**Source information**
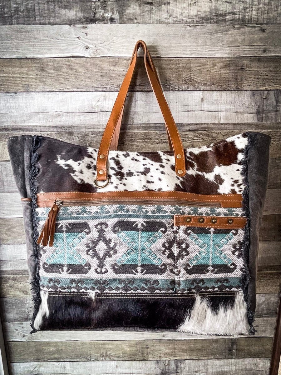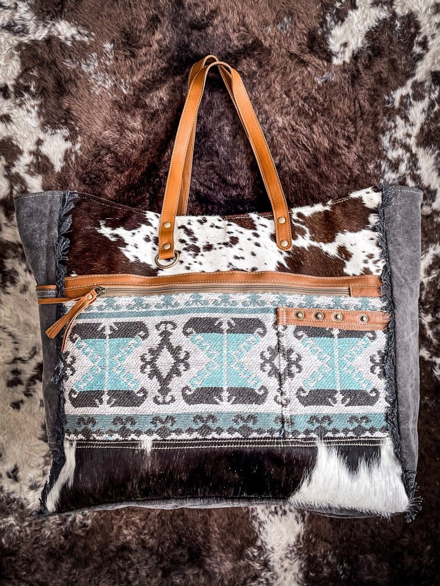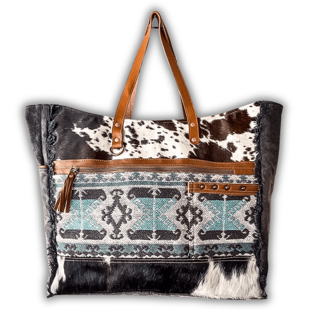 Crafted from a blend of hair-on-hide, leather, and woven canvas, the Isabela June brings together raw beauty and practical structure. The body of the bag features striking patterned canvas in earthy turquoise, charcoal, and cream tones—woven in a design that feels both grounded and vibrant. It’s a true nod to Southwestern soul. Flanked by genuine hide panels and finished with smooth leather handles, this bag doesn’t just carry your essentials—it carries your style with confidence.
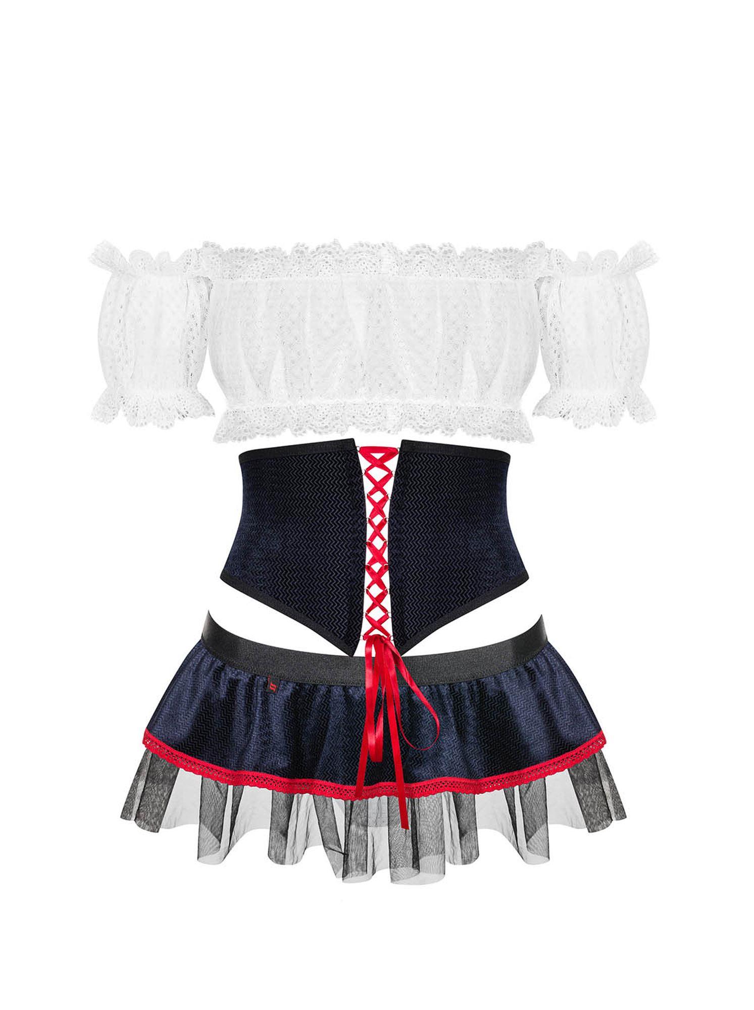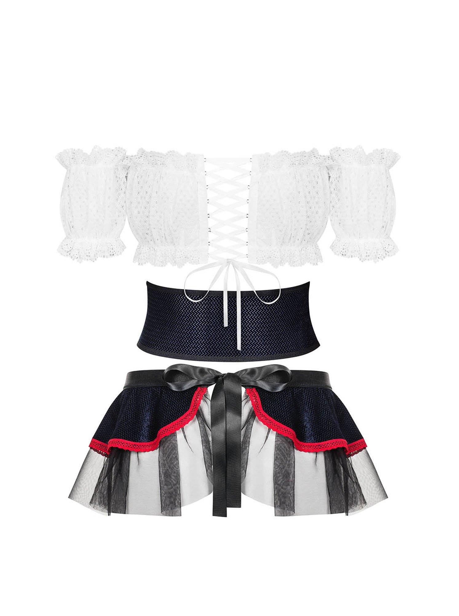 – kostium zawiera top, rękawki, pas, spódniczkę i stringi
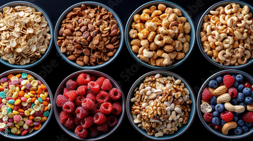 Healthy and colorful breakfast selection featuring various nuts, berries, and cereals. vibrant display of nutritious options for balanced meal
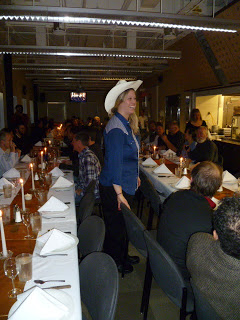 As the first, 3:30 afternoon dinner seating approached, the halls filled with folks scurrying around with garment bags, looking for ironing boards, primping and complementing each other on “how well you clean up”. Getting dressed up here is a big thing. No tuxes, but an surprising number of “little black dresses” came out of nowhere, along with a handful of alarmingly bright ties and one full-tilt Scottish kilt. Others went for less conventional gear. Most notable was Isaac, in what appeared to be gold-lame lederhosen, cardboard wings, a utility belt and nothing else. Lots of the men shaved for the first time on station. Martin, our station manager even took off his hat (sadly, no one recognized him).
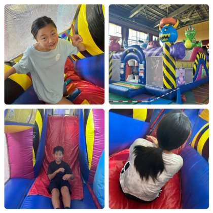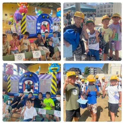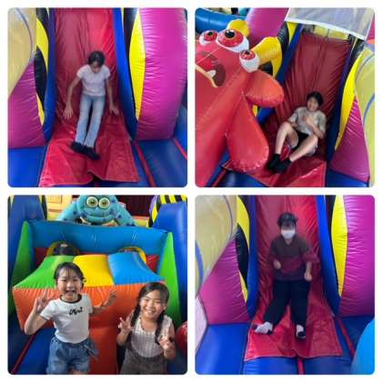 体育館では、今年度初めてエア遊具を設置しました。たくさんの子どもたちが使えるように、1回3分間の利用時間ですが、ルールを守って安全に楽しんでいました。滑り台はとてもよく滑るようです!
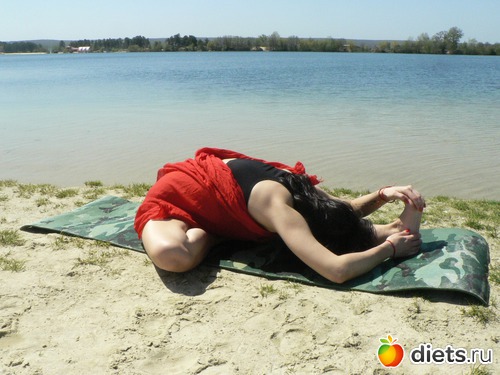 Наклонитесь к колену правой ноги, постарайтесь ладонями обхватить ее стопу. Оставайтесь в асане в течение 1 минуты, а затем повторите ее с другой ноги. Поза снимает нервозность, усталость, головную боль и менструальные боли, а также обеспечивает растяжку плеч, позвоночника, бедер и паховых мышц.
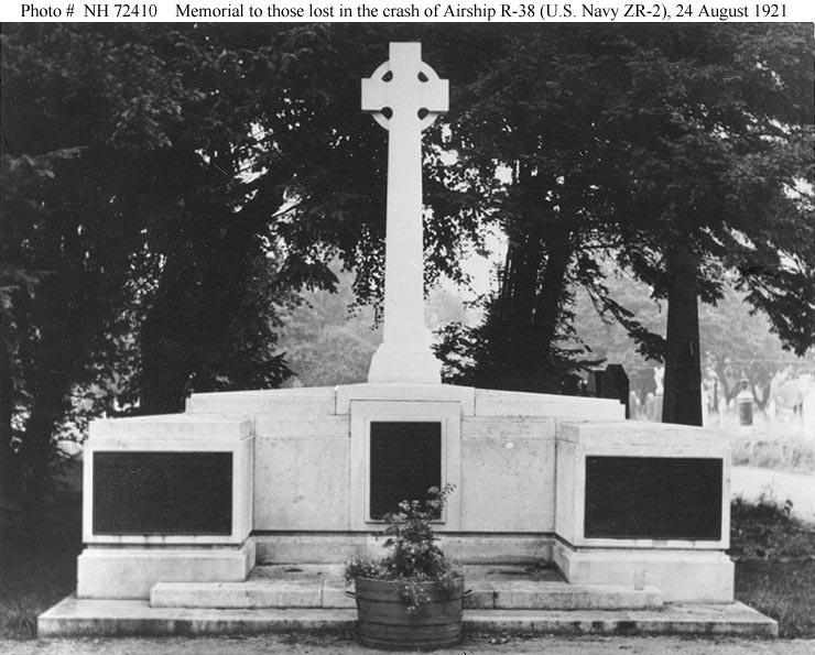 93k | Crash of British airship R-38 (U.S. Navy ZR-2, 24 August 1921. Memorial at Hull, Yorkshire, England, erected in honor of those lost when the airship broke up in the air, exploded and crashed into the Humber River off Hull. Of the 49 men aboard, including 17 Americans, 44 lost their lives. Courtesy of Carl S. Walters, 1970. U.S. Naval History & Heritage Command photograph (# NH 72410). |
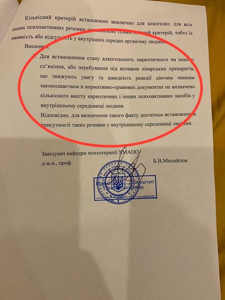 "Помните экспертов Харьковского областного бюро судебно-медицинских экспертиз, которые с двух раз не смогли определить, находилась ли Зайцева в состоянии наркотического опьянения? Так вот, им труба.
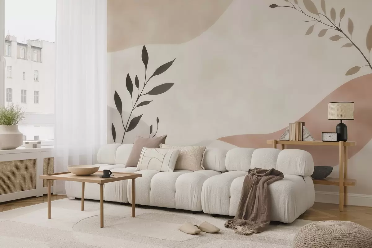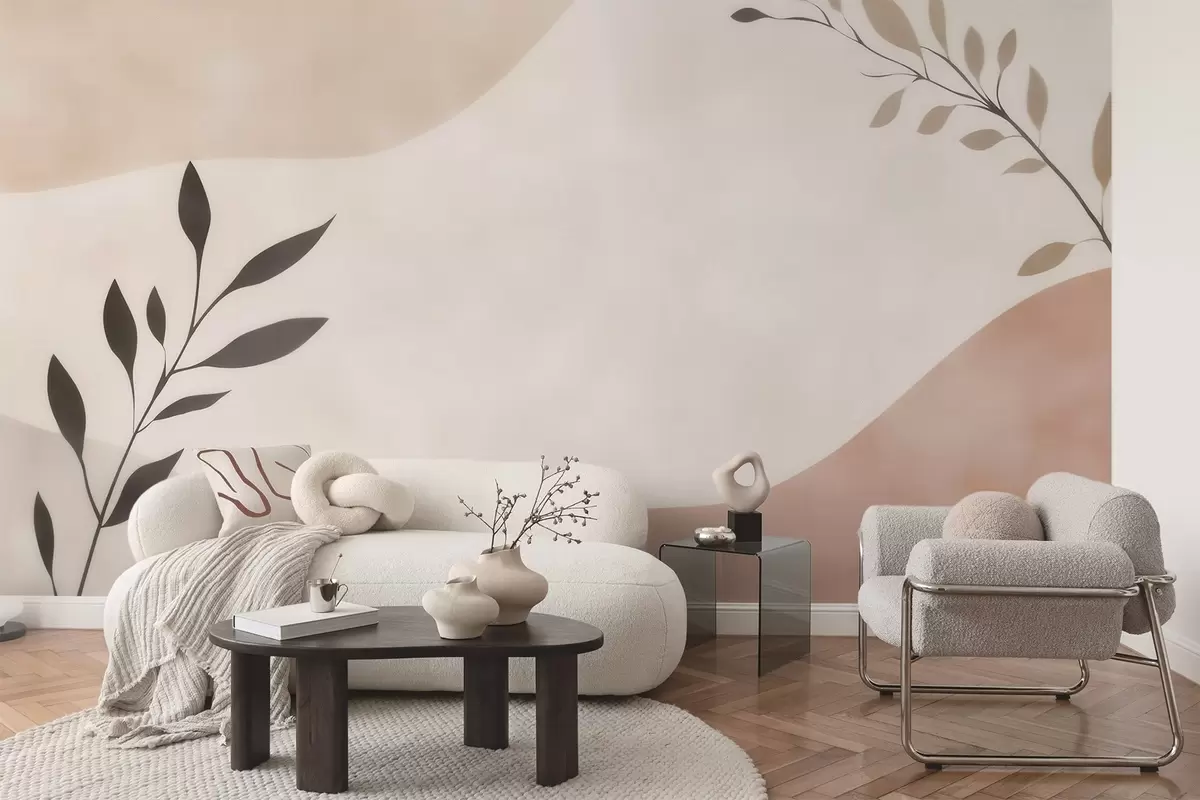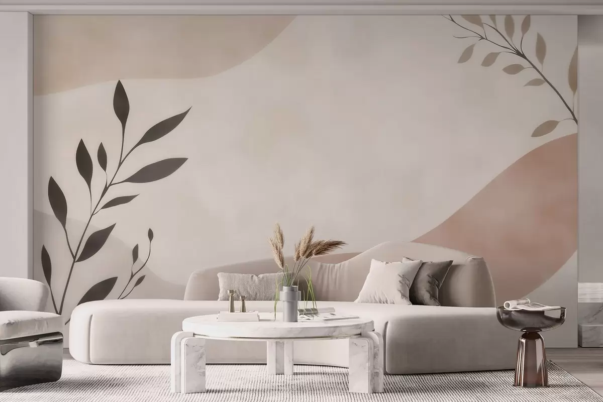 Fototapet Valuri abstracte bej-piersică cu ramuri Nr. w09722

**Exercise**
Repeat each line of the records exactly. Do not include the pictures.

**Expected output**
 Crafted from a blend of hair-on-hide, leather, and woven canvas, the Isabela June brings together raw beauty and practical structure. The body of the bag features striking patterned canvas in earthy turquoise, charcoal, and cream tones—woven in a design that feels both grounded and vibrant. It’s a true nod to Southwestern soul. Flanked by genuine hide panels and finished with smooth leather handles, this bag doesn’t just carry your essentials—it carries your style with confidence.
 – kostium zawiera top, rękawki, pas, spódniczkę i stringi
 Healthy and colorful breakfast selection featuring various nuts, berries, and cereals. vibrant display of nutritious options for balanced meal
 As the first, 3:30 afternoon dinner seating approached, the halls filled with folks scurrying around with garment bags, looking for ironing boards, primping and complementing each other on “how well you clean up”. Getting dressed up here is a big thing. No tuxes, but an surprising number of “little black dresses” came out of nowhere, along with a handful of alarmingly bright ties and one full-tilt Scottish kilt. Others went for less conventional gear. Most notable was Isaac, in what appeared to be gold-lame lederhosen, cardboard wings, a utility belt and nothing else. Lots of the men shaved for the first time on station. Martin, our station manager even took off his hat (sadly, no one recognized him).
 体育館では、今年度初めてエア遊具を設置しました。たくさんの子どもたちが使えるように、1回3分間の利用時間ですが、ルールを守って安全に楽しんでいました。滑り台はとてもよく滑るようです!
 Наклонитесь к колену правой ноги, постарайтесь ладонями обхватить ее стопу. Оставайтесь в асане в течение 1 минуты, а затем повторите ее с другой ноги. Поза снимает нервозность, усталость, головную боль и менструальные боли, а также обеспечивает растяжку плеч, позвоночника, бедер и паховых мышц.
 93k | Crash of British airship R-38 (U.S. Navy ZR-2, 24 August 1921. Memorial at Hull, Yorkshire, England, erected in honor of those lost when the airship broke up in the air, exploded and crashed into the Humber River off Hull. Of the 49 men aboard, including 17 Americans, 44 lost their lives. Courtesy of Carl S. Walters, 1970. U.S. Naval History & Heritage Command photograph (# NH 72410). |
 "Помните экспертов Харьковского областного бюро судебно-медицинских экспертиз, которые с двух раз не смогли определить, находилась ли Зайцева в состоянии наркотического опьянения? Так вот, им труба.
 Fototapet Valuri abstracte bej-piersică cu ramuri Nr. w09722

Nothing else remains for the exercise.